A simplified model of human stance control is shown in Fig. 1B. This model was developed to account for experimental FRFs calculated from body sway responses to wide-bandwidth pseudorandom perturbations that included tilts of the support surface and visual surround (Peterka, 2002, 2003). The model presented here is simplified in that it only includes torque generation via an active, neurally mediated mechanism and does not include a mechanism for passive torque generation due to the mechanical properties of joints, muscles, and tendons. Our experimental results showed that passive mechanisms contributed only about 15% of the total corrective torque, although there is controversy about the relative contribution of passive mechanisms (Casadio et al., 2005; Loram and Lakie, 2002; Morasso and Sanguineti, 2002). Our original model (Peterka, 2002) included a PID (proportional, integral, derivative components) neural controller. The PID controller was not able to account for the FRF data below about 0.05 Hz. This motivated a later version of the model that utilized a torque feedback mechanism that was better able to account for lower frequency experimental gain and phase data (Cenciarini and Peterka, 2006; Peterka, 2003).

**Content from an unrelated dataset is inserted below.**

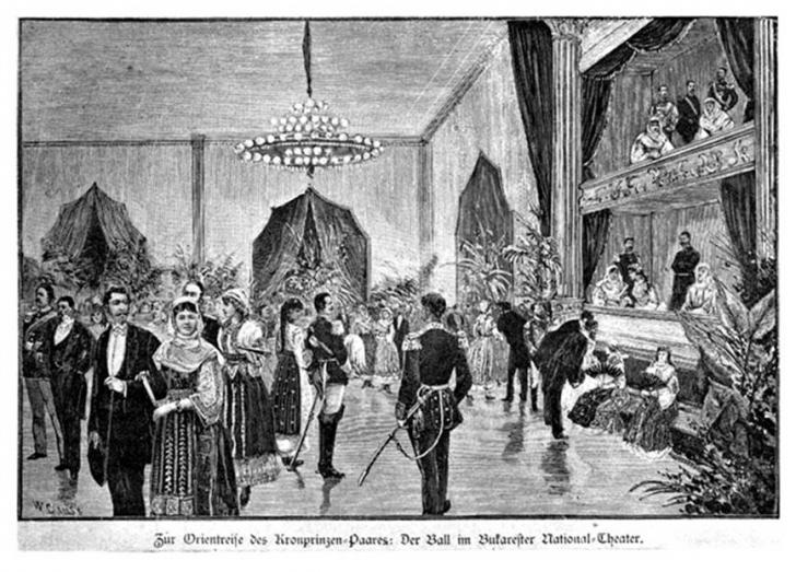 In 1884 printul si arhiducele Rudolf de Habsburg, mostenitorul coroanei Imperiului Austro-Ungar viziteaza Romania si in onoarea sa Familia Regala organizeaza un bal la Teatru :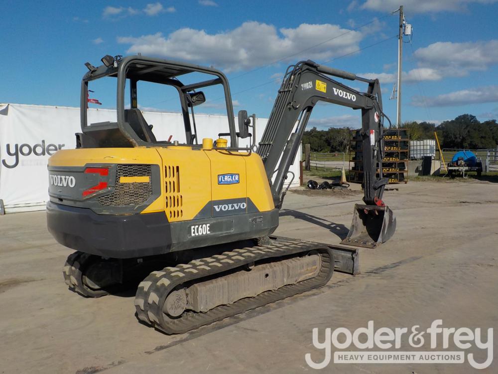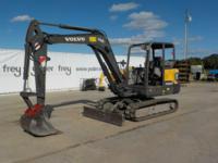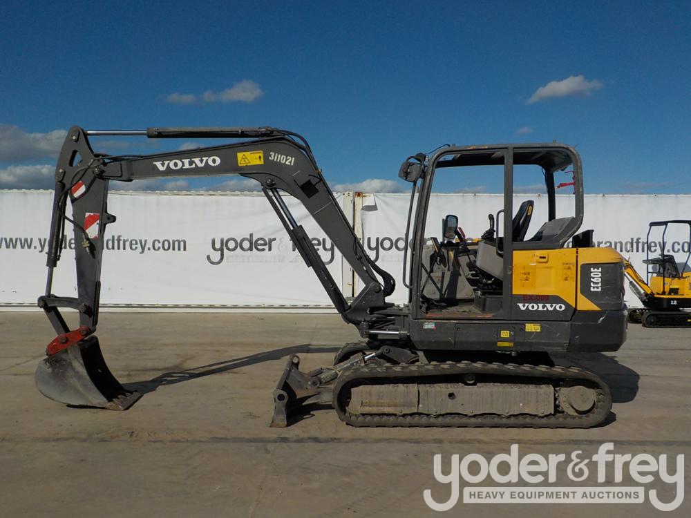 2016 Volvo EC60E Hydraulic Excavator, c/w Canopy, 16"/400mm Rubber Tracks, Backfill Blade, QC, 5' 3" Stick, Swing Boom, Aux Hydraulics, 23" Bucket - VCEEC60EP00311021

A comparison of the human stance control model (Fig. 1B) with the robot model (Fig. 1A) shows some structural similarities. The human model includes a feedback loop that uses kinematic ankle proprioception to generate corrective torque in relation to ankle joint motion. This loop is labeled Loop 1 since it corresponds exactly to the ankle joint feedback loop in the robot model. The model also includes a torque feedback loop that is labeled Loop 2 since it corresponds to the COP feedback in the robot model. Remember that the robot calculates COP (with sign inversion and 1/mg scaling) and subtracts a low-pass filtered version of this signal from the ankle joint angle signal. The human model feeds back a low-pass filtered version of Tc and adds it to the sensory error signal. Therefore, the functional correspondence of Loop 2 is identical in the human and robot models, and both provide positive feedback. The only difference is that the gain factor in the low-pass filter of the human model, Ktorq, has different units than the corresponding gain factor in the robot model, KCOP.
There are also obvious structural differences between the human and robot models. First, the human model includes a significant time delay in its control loop that accounts for neural transmission times, sensory processing, and muscle activation delays. A time delay value of about 150 ms is required to account for experimental data (Maurer et al., 2006; Peterka, 2002). In contrast, the processing and transmission delays in a robot system are negligible and can be set to zero for modeling purposes. Second, the human model includes feedback from visual and vestibular systems that are not present in the robot. The experimental results revealed that FRF gains varied as a function of stimulus amplitude (Peterka, 2002). The model-based interpretation of these varying FRF gain curves is that humans are able to alter the source of sensory information used for stance control as a function of stimulus conditions. This “sensory re-weighting” is represented in the human model by weighting factors (Wprop, Wvis, Wvest) that represent the relative proportion of proprioceptive, visual, and vestibular sensory orientation information being used for stance control in a given test condition.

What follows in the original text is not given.